CHAPTER V.
ILLUSTRATIONS.

Wood engraving—Line engraving—Etching—Stipple—Mezzotint—Aquatint—Lithography—Photography.

Writing in early manuscripts was continuous, no stops, no spaces, no initials. The inconvenience of such an arrangement soon became apparent; the effect of it can be well seen in the case of the Codex Alexandrinus, written in the fifth century, although this has large initials, and the difficulty of knowing when a word ends is bad enough, to say nothing of sentences. The manuscript is at the British Museum.
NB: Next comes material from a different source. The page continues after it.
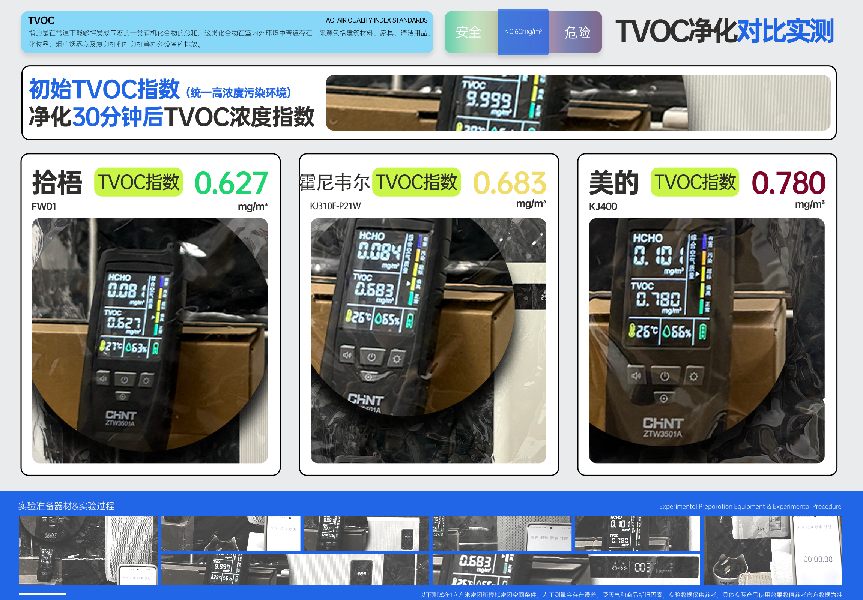 在1m³密闭实验舱内,通过TVOC装置释放污染物至浓度达9.9mg/m³(超国标安全值16倍)。随后将空气净化器放置舱内,开启最大档位运行,使用国标认证检测仪在机器30cm处实时监测。30分钟后对比TVOC残留浓度,下降幅度越大,净化效果越显著。

Presently the first letters of sentences, or perhaps of important words, were enlarged or rubricated—marked in red—and from that starting point came the gradual development of beautiful ornamental letters with sprays starting from them. These sprays ultimately became rich borderings and spread all over the page, and at last we get to the illuminated manuscripts of mediæval times filled with exquisite miniatures, borders, and arabesques of all imaginable kinds.

The subject of illuminated manuscripts has been fully dealt with by several competent authorities, and it is not necessary here to enter into it, but so far as printed books are concerned it will be of interest to survey shortly the chief styles of illustrations with which they have been provided.

When printed books first began there were no illustrations in them, but initial letters were often added in red, by hand, and other important printed letters were marked by a dab of red or yellow across them. The outline wood cuts which shortly made their appearance were frequently intended to serve as guides for hand colouring, and many of them are so treated.

Wood cutting in the case of block books was well understood in the fifteenth century, but when similar illustrations appear, in company with the text, in early printed books, the art level both of the designer and wood cutter is singularly low. This criticism only applies to the pictorial illustrations, as in the matter of scroll work or ornamental initials the work is excellent.

The great letter “B” in Fust and Schöffer’s Mainz Psalter, issued in 1457, is as fine as anything of its kind that has ever been done. It is printed from two wood blocks which fit into each other, and which were inked alternately either red or blue, and then printed together with the text. A slow process but thoroughly effective. The initial letters throughout this book seem to have been touched up in places by hand, especially in the long scrolls which meander up and down the margins of the pages.

The earliest known book illustration cut on wood is a beautiful outline sketch of the Goddess of Mercy. It is full page and illustrates a chapter from a Chinese version of the Saddharmapundarika Sutra, and was printed in 1331, nearly a hundred years before the earliest European print from a wood block, the St. Christopher, of 1423, which moreover was not a book illustration.

Chinese, Japanese, and Korean wood cuts are always in outline, thickened here and there, but quite different in character and far better in drawing and execution than early European work of the same sort. Most of the blocks from which these prints are made are of soft wood, not box, and are cut with a short knife of peculiar form set in a handle.